# [Your objective]
Starting at the line that contains "据统计,园内主要栽植黄葛树、" and stopping after the line that contains "Designer-Mantel # Linea", transcribe the listing below exactly; do not include any pictures.

# [Entries provided]
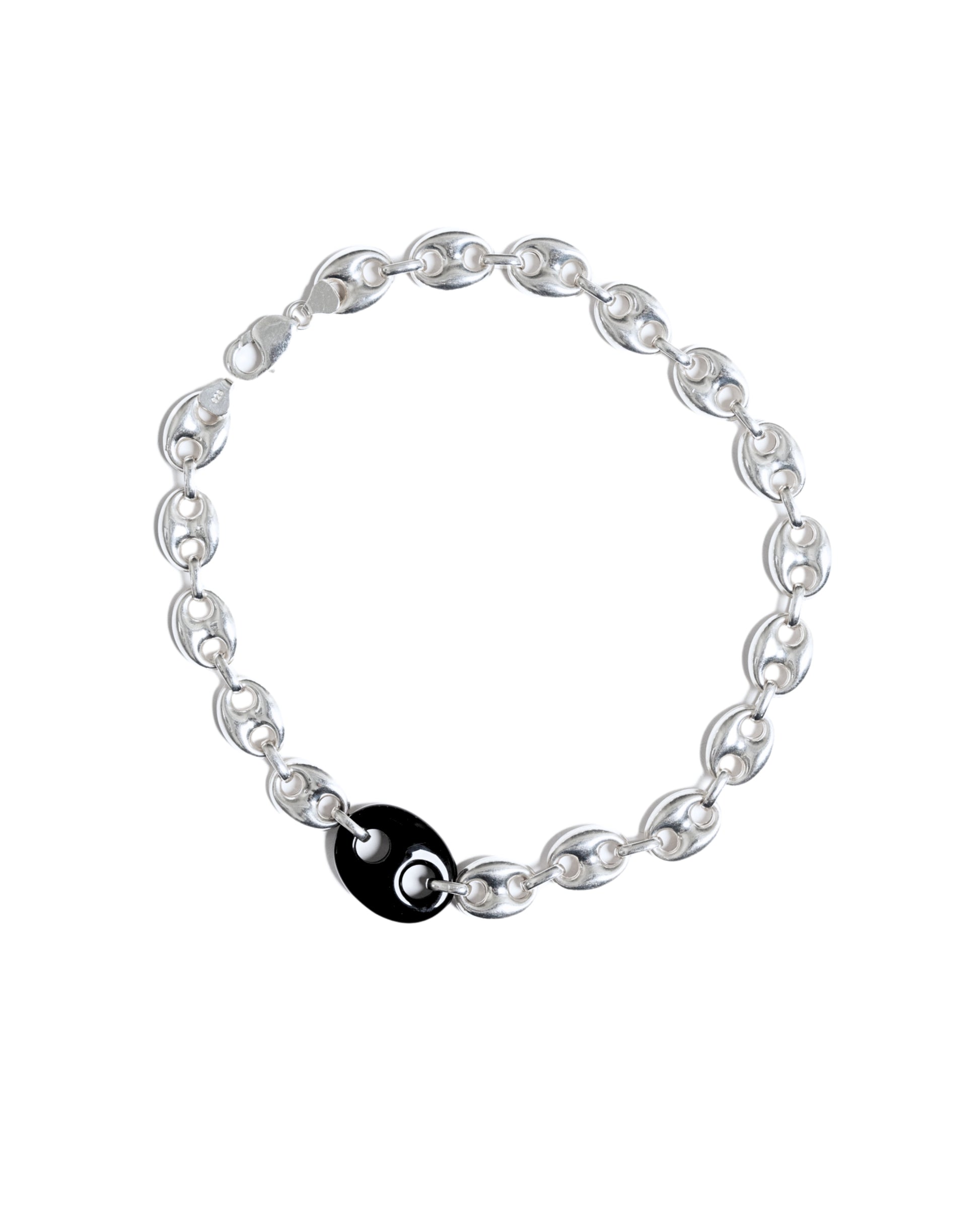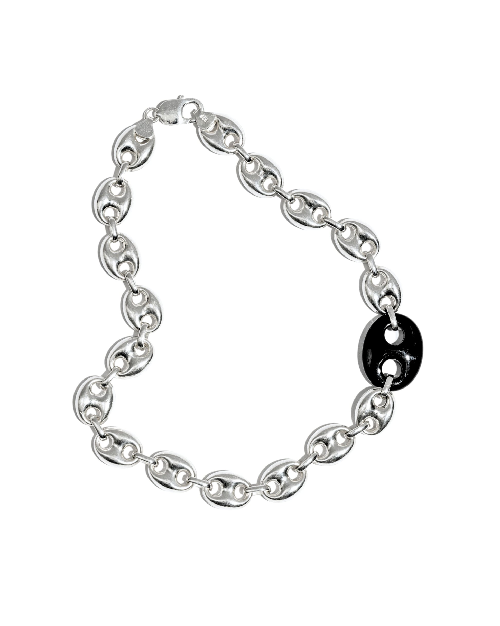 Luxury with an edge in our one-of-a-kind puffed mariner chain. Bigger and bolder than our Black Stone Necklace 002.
--
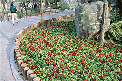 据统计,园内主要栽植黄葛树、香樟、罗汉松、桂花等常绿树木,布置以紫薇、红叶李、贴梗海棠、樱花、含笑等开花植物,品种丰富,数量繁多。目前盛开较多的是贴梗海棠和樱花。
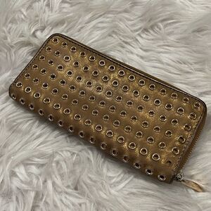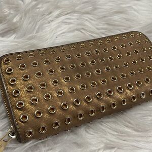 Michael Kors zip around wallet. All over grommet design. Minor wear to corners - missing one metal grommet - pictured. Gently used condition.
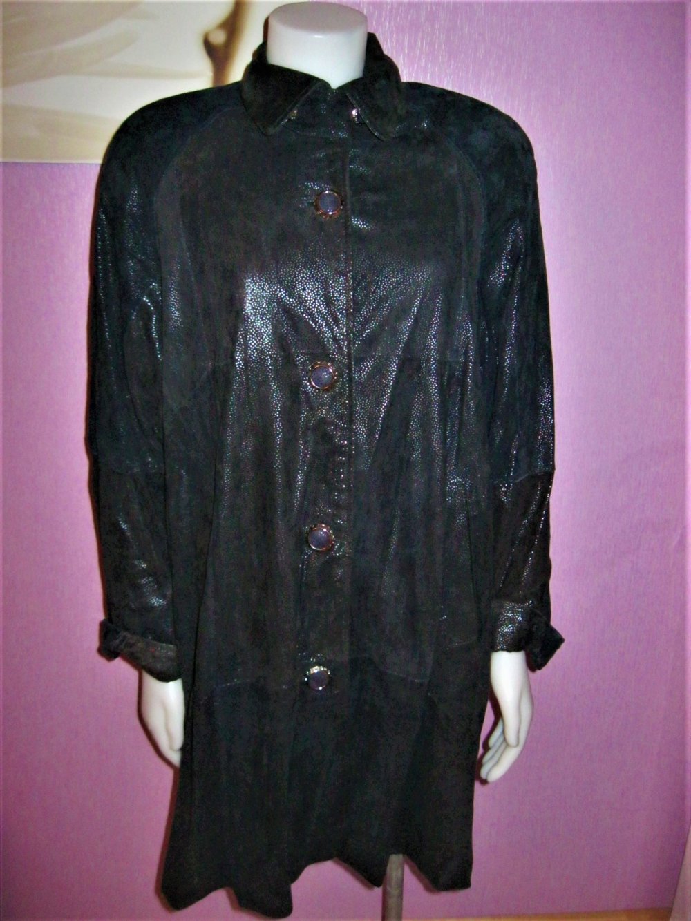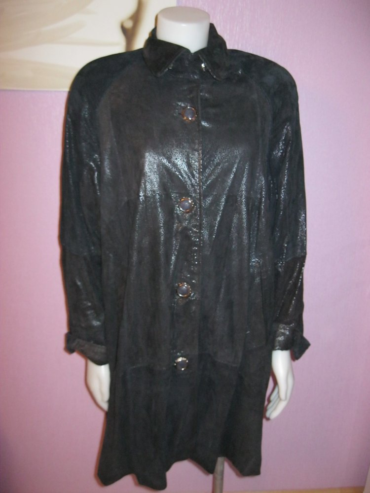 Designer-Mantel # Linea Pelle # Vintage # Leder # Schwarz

# [Result below]
 据统计,园内主要栽植黄葛树、香樟、罗汉松、桂花等常绿树木,布置以紫薇、红叶李、贴梗海棠、樱花、含笑等开花植物,品种丰富,数量繁多。目前盛开较多的是贴梗海棠和樱花。
 Michael Kors zip around wallet. All over grommet design. Minor wear to corners - missing one metal grommet - pictured. Gently used condition.
 Designer-Mantel # Linea Pelle # Vintage # Leder # Schwarz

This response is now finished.